D'autre part, n'oubliez pas que CR a été administrateur de caisse de SS, et qu'il connaît parfaitement ce monde-là. Avec en plus des amis qui sont d'excellents juristes (Jean-Pierre Pellan, Jean-Marc Prévost, etc.) on peut sans doute tenir en échec les esclavagistes, et, sinon gagner, faire au moins en sorte qu'ils vous laissent tranquilles. Je pense que c'est ce qui s'est passé pour lui.

Patrick a dit...

Laure, je viens de relire ton article et je suis etonné de voir qu'aucune des actions actuellement engagée n'ait abouti a la case CJCE de ton graphique. Sur ce schema, les delais sont de l'ordre de quelques mois.

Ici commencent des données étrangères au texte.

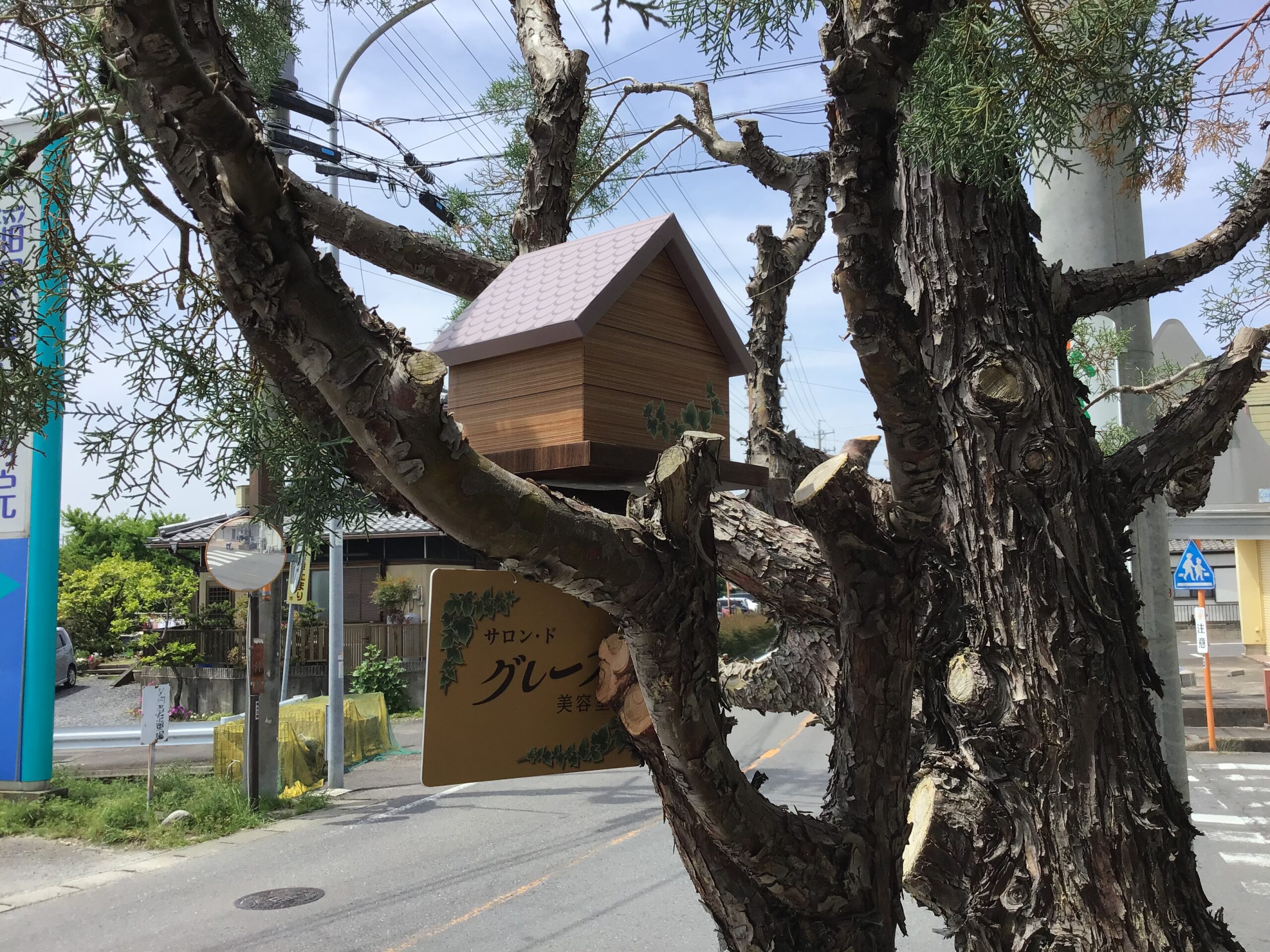 店舗前の木に鳥の巣箱風の店名サインを取り付けました。 既成品ではなくオリジナルのデザインで制作しました。 さり気なく、且つ個性的な店名サインになっています。
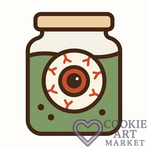 Get ready to spook your guests with this eerie eyeball in a jar cookie design! Perfect for Halloween treats, this creepy illustration combines simplicity with a dash of horror. A must-have for every festive cookie platter.
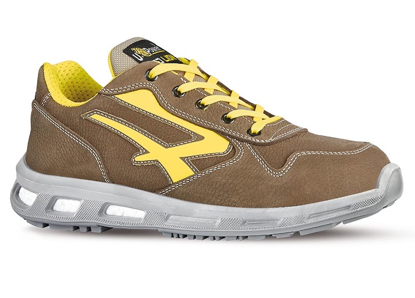 Scarpe antinfortunistiche basse, leggere e comode u power della linea Red Lion, con tomaia in pelle nabuk naturale bottalato, traspiranti, idrorepellente, puntale in alluminio, antiperforazione, antiscivolo e suola PU/PU, infinergy S3 CI SRC ESD
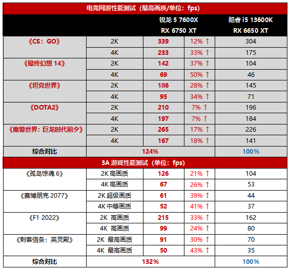 就实际游戏表现而言,锐龙5 7600X平台的电竞网游性能领先酷睿i5 13600K大约24%,差不多高出两个档次。相对电竞网游,3A游戏对于显卡的压力变得更大,此时锐龙5 7600X性价比间接带来的显卡优势就发挥得更明显了,RX 6750 XT显然高出RX 6650 XT一大截,锐龙5 7600X平台的综合优势进一步提升到了32%。由此可见锐龙5 7600X就是当前中端市场性价比最高的处理器。
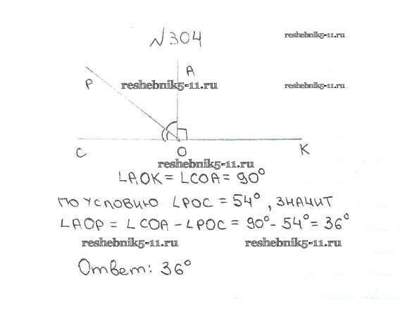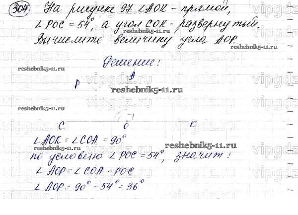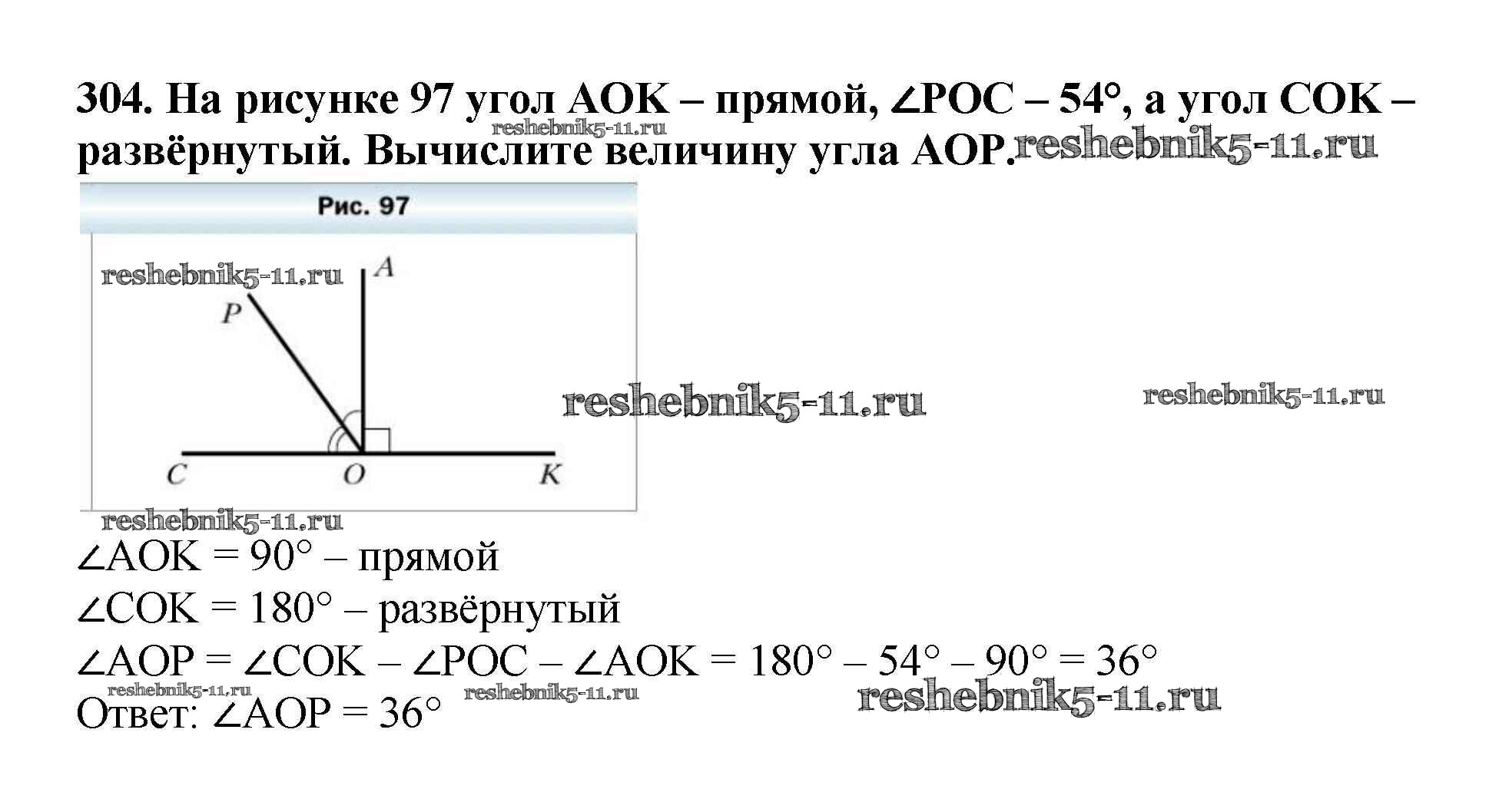 Готовая домашняя работа с ответами по Математике за 5 класс Мерзляк, Полонский, Якир Учебник Алгоритм успеха Вентана-граф 2016 ФГОС - §12. Виды углов. Измерение углов 304
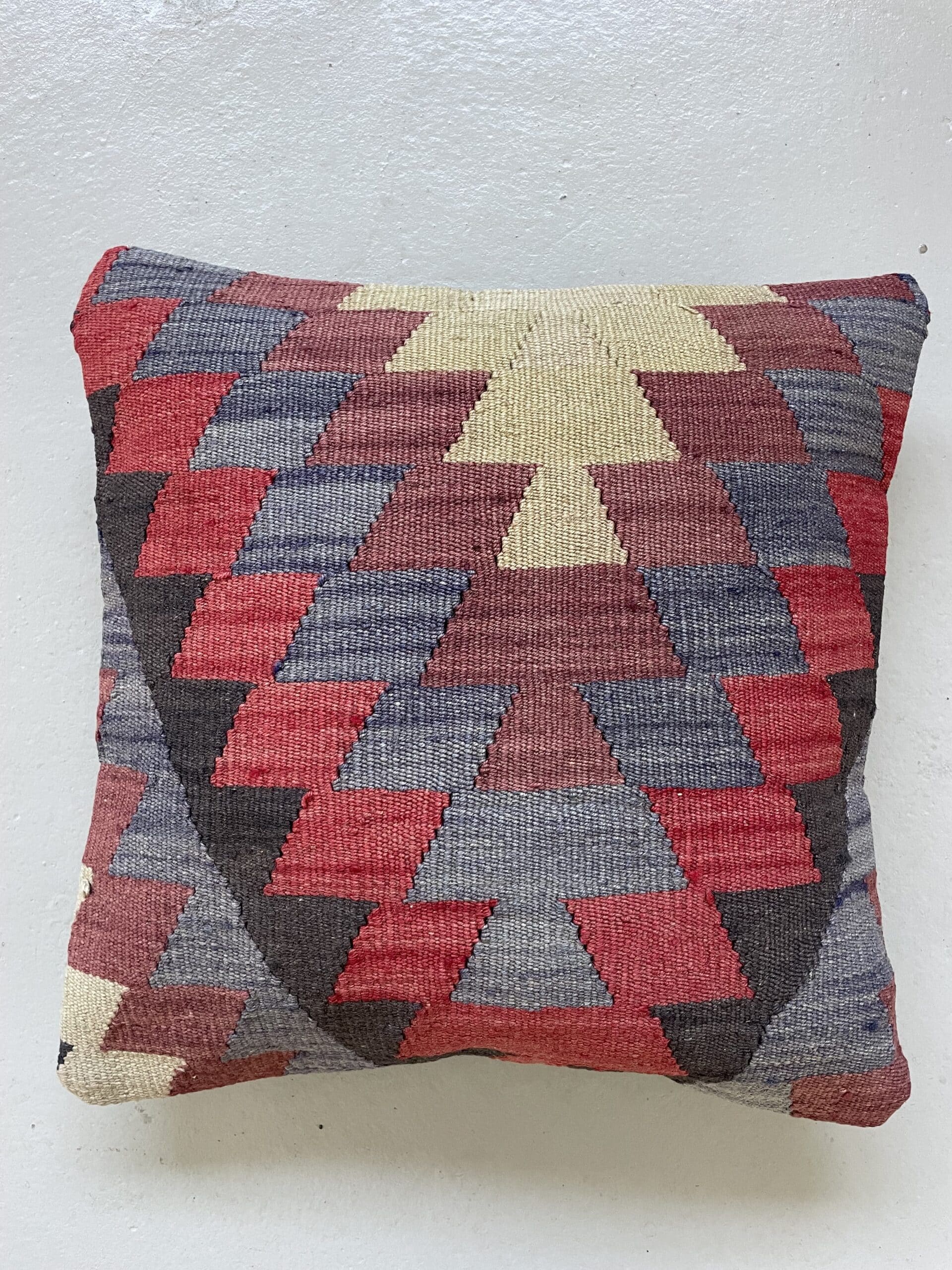 Alle vores kelimpuder er syet af vintage kelimtæpper, som grundet slid ikke er brugbare som tæpper længere – men til gengæld kan man nu sy de smukkeste puder af dem.
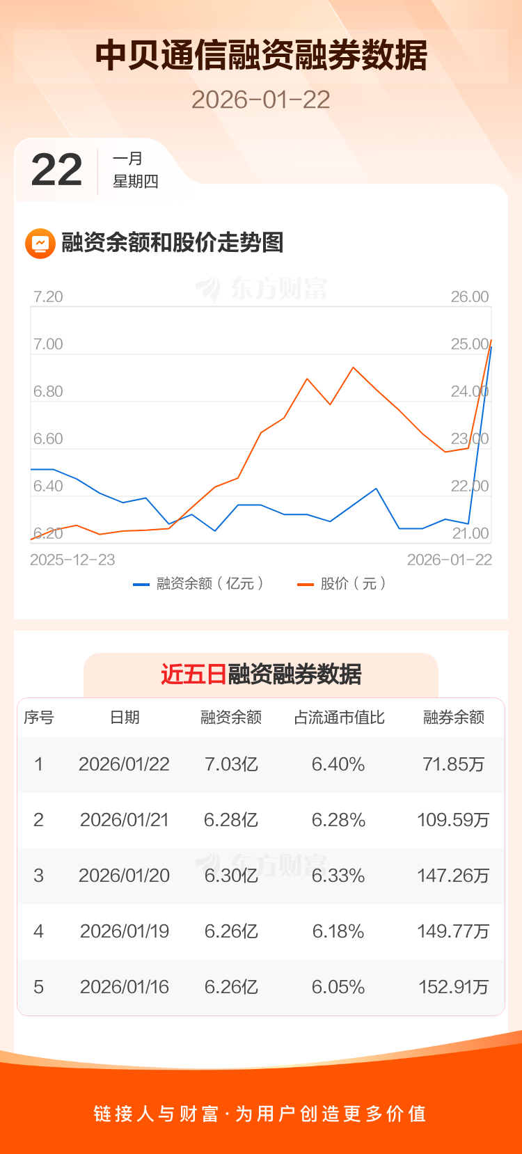 交易所最新数据显示,中贝通信于2026年1月22日获融资买入1.33亿元,融资偿还5831.00万元,当日融资净买入7469.77万元。目前,该股融资余额7.03亿,占流通市值比例为6.40%。
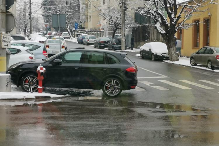 Un șofer a parcat cu nonșalanță chiar pe trecerea de pietoni, în fața Inspectoratului Școlar Județean Cluj, blocând accesul pietonilor și obligându-i să ocolească mașina pentru a traversa strada în siguranță
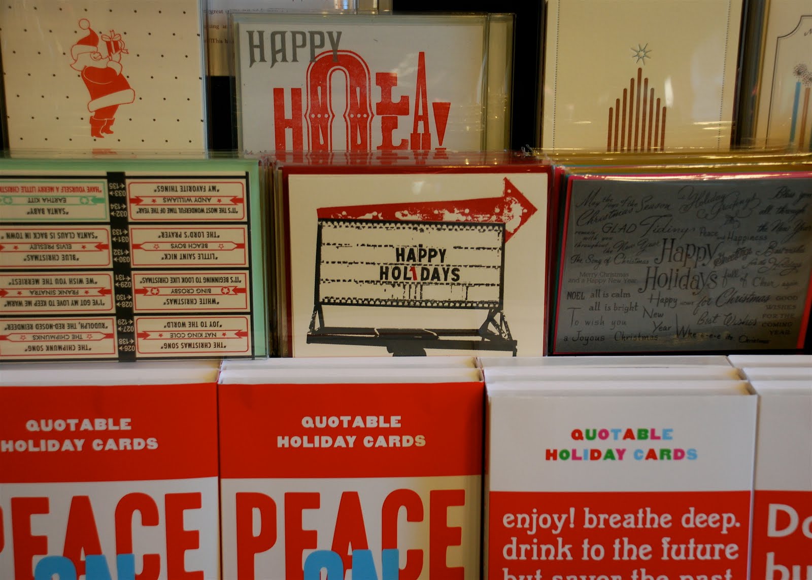 Our boxed holiday cards are now 30% off! Gazillions of styles to choose from at Foursided Andersonville and Twosided - Hanukkah cards too! Pick up a box, grab some stamps, and get those puppies in the mail before it's too late. You know you want to send 'em so get on it - at 30% you have nothing to lose!
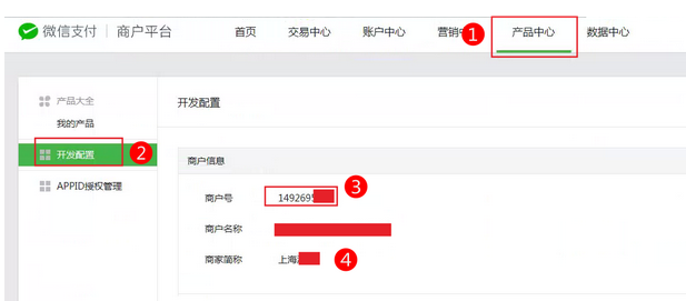 登陸商戶平臺-》產(chǎn)品中心-》開發(fā)配置中獲取微信支付商戶號

Sachant que de nombreux de procès courrent depuis 2004 et avant, il me semble que bon nombre d'entre eux aurait du deja etre presenté devant la CJCE !

Laure Allibert a dit...

Je crois que beaucoup de gens se découragent et ne veulent pas continuer. Cependant, il y en a au moins deux dans notre forum qui sont au stade de la cassation. Quant à la CJCE ou la CEDH, il faut avoir épuisé tous les recours nationaux auparavant. Attendons déjà de voir ce que les recours en cassation vont donner en 2007.